[Opening Data shown section]

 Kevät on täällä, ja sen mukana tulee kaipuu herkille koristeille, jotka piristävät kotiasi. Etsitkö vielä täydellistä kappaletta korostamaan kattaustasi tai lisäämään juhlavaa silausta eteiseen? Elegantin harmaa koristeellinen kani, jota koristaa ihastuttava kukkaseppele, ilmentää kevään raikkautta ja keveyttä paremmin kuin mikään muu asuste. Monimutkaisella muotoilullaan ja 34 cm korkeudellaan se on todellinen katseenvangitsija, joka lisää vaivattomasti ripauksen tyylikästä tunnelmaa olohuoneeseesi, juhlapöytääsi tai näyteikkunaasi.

[Closing Data shown section]
[Opening Data shown section]

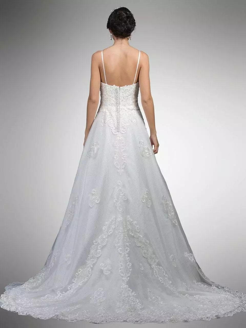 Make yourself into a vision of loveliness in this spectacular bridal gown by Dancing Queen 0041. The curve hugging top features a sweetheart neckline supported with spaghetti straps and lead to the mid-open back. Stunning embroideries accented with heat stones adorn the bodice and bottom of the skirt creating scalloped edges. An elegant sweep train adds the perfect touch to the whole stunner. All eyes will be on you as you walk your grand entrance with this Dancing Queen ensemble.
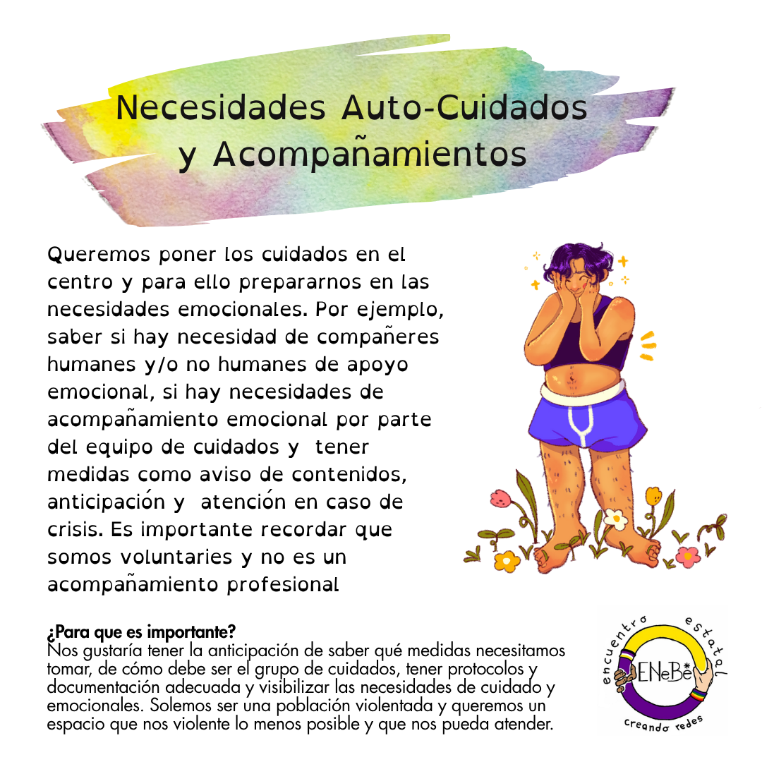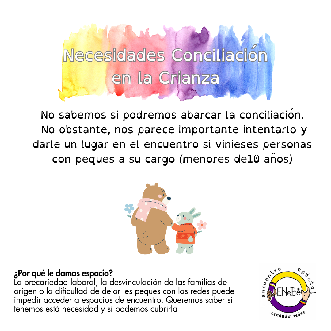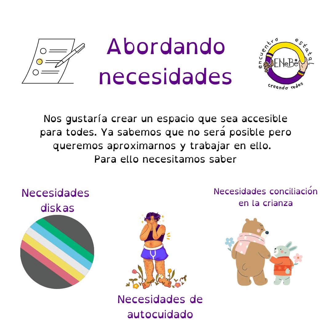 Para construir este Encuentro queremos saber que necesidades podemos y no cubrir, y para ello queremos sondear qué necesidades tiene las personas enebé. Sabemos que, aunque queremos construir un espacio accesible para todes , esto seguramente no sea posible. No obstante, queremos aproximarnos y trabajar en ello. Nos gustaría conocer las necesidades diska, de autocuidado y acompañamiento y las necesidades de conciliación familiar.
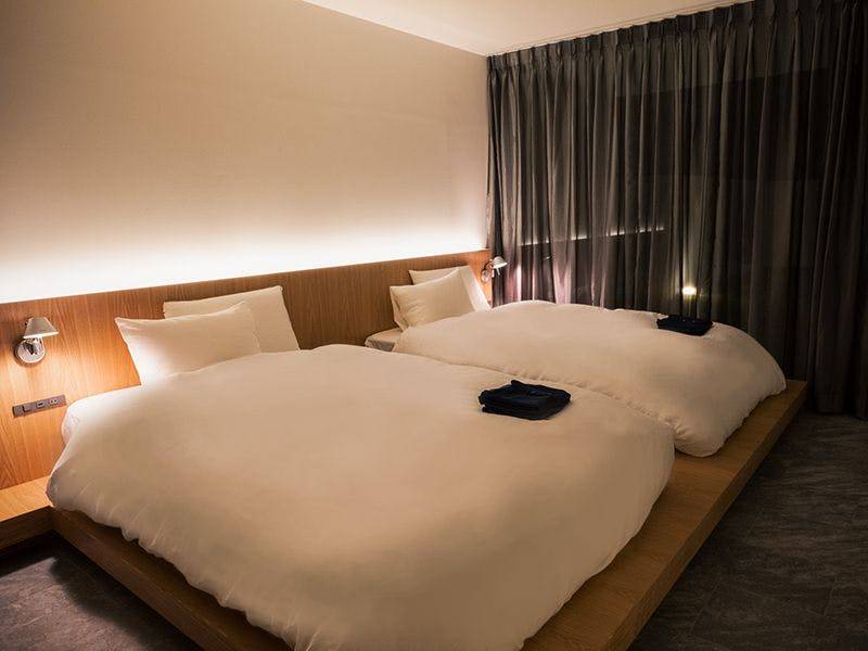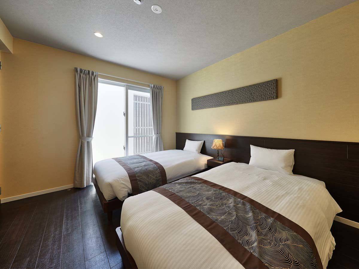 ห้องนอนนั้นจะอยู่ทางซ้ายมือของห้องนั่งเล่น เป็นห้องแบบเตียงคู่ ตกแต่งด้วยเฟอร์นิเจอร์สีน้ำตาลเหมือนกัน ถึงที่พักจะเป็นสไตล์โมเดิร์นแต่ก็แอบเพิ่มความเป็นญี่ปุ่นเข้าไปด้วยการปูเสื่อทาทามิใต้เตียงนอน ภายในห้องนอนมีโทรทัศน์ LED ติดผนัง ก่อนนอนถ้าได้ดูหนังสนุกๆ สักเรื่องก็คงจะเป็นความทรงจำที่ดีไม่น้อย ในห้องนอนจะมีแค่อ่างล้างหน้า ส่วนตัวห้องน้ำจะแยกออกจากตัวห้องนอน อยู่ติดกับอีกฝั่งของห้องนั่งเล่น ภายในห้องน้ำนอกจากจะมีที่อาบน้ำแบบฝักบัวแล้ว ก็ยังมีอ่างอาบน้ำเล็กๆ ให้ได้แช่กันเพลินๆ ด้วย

[Closing Data shown section]
[Opening Data shown section]

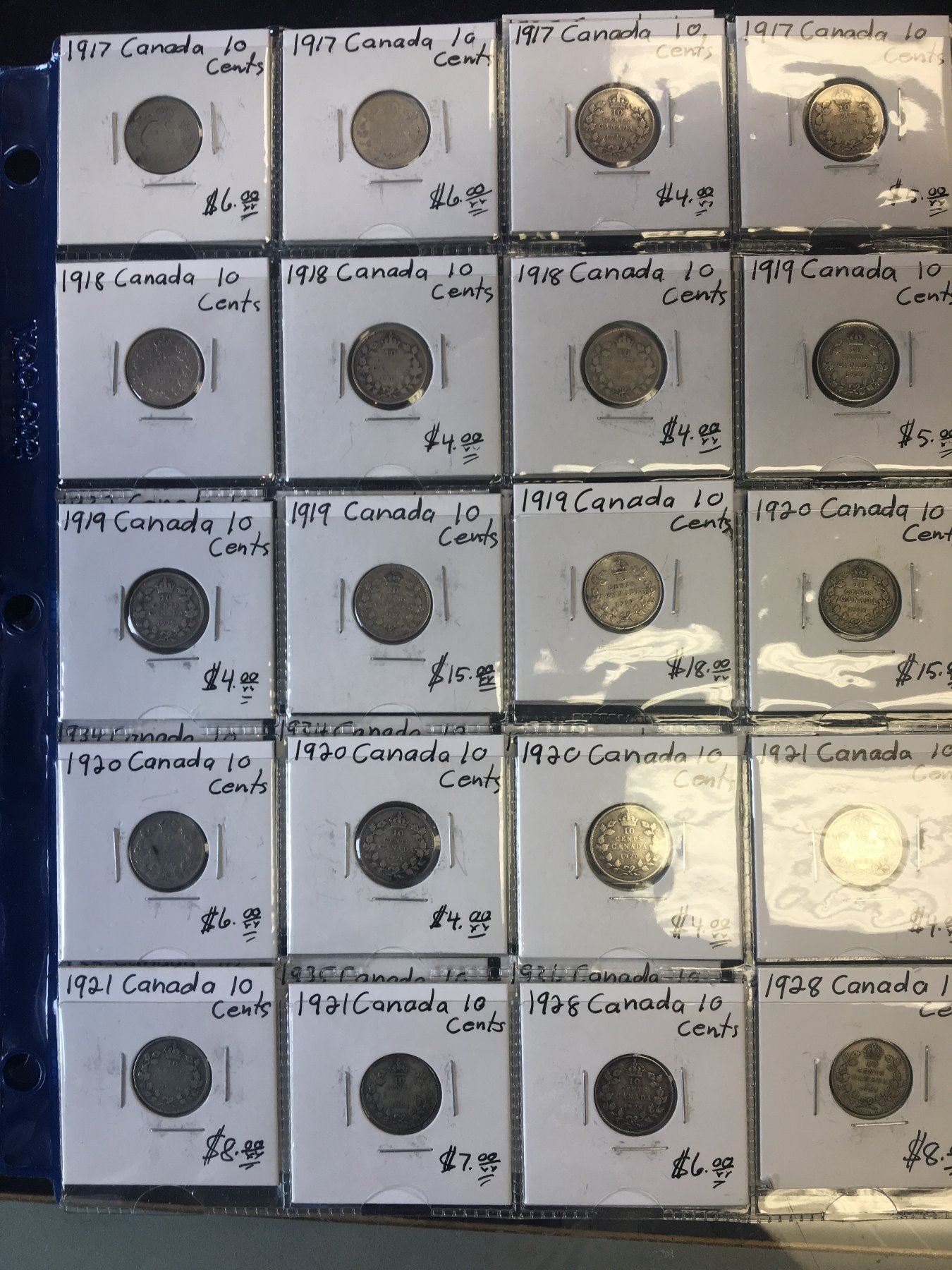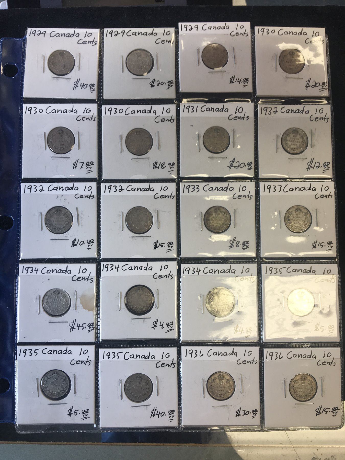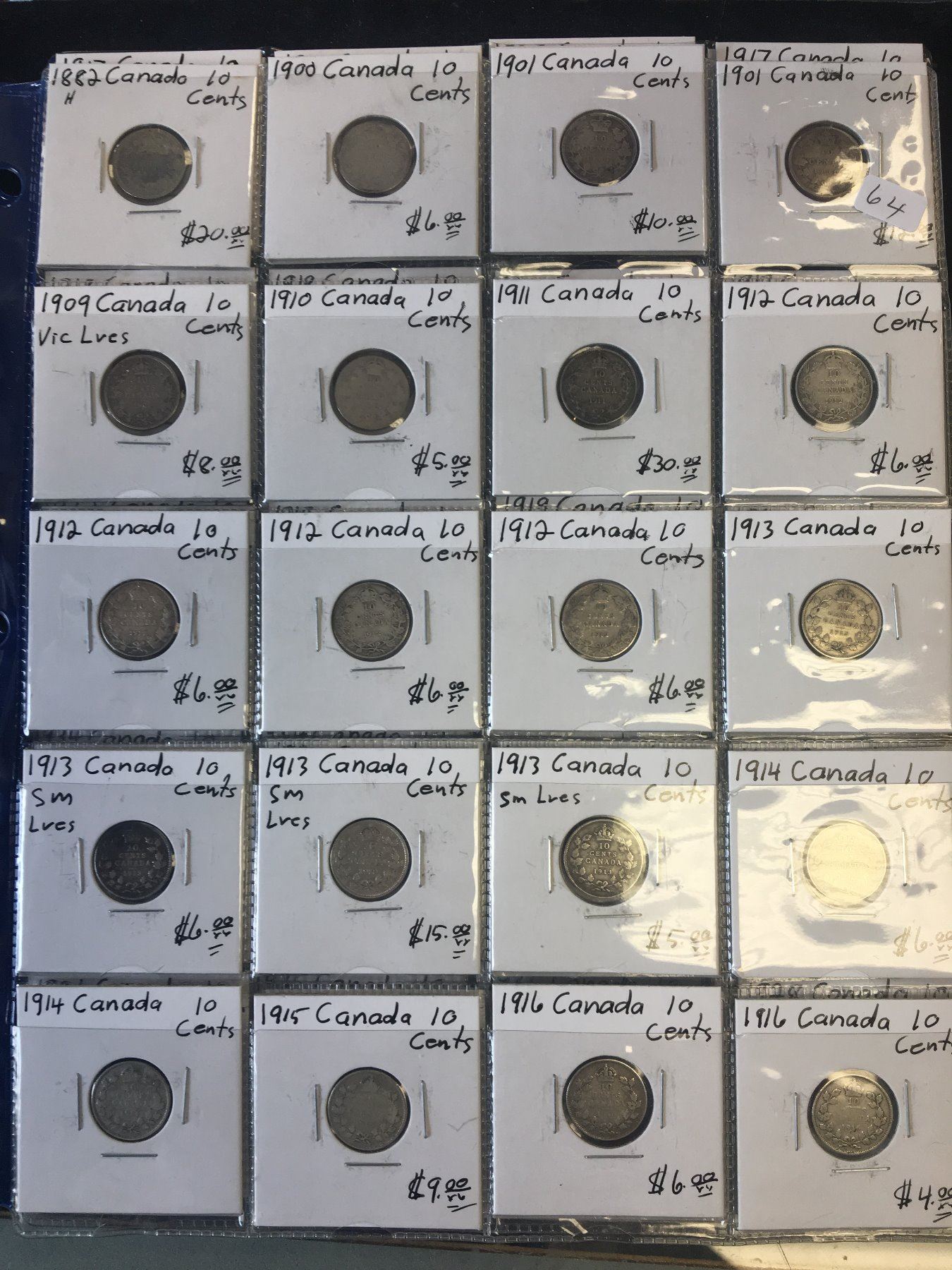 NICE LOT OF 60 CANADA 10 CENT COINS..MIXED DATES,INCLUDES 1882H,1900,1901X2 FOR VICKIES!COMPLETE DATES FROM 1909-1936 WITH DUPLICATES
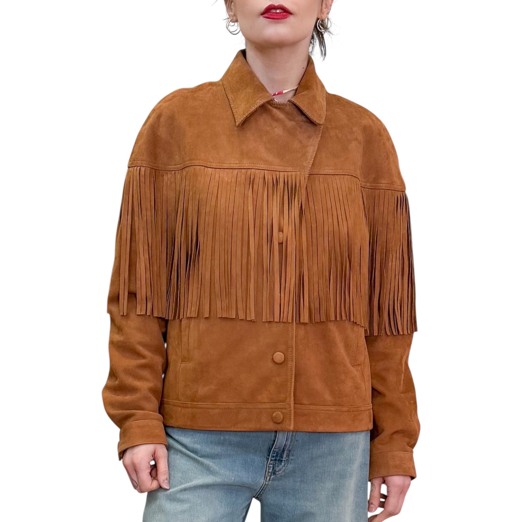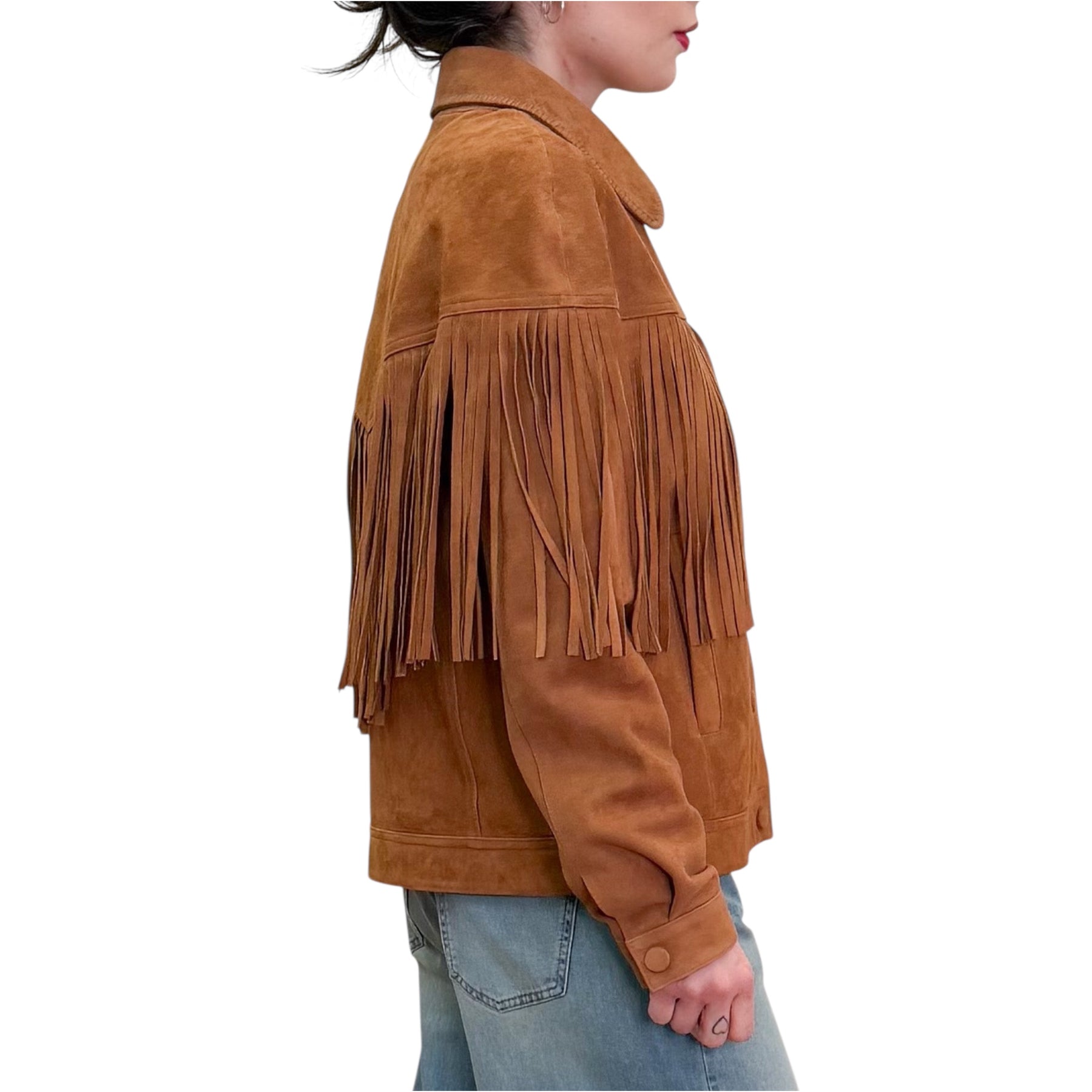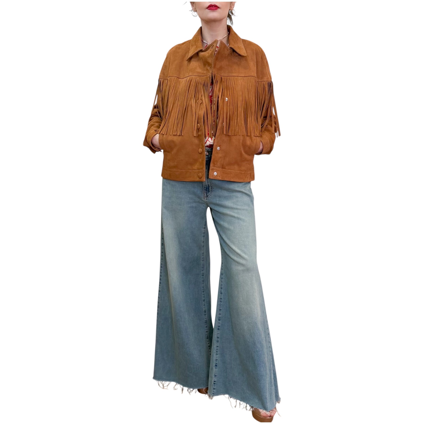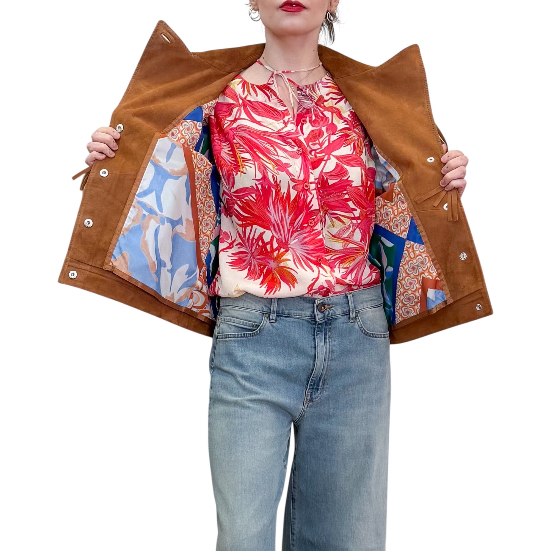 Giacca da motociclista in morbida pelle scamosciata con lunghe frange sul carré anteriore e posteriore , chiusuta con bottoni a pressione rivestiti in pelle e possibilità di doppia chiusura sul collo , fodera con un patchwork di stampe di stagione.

[Closing Data shown section]

* [Description of the task] Your copy should hold only the lines above from the one containing "NICE LOT OF" through the one containing "Giacca da motociclista", exactly as written and free of pictures.

* [Task result]
 NICE LOT OF 60 CANADA 10 CENT COINS..MIXED DATES,INCLUDES 1882H,1900,1901X2 FOR VICKIES!COMPLETE DATES FROM 1909-1936 WITH DUPLICATES
 Giacca da motociclista in morbida pelle scamosciata con lunghe frange sul carré anteriore e posteriore , chiusuta con bottoni a pressione rivestiti in pelle e possibilità di doppia chiusura sul collo , fodera con un patchwork di stampe di stagione.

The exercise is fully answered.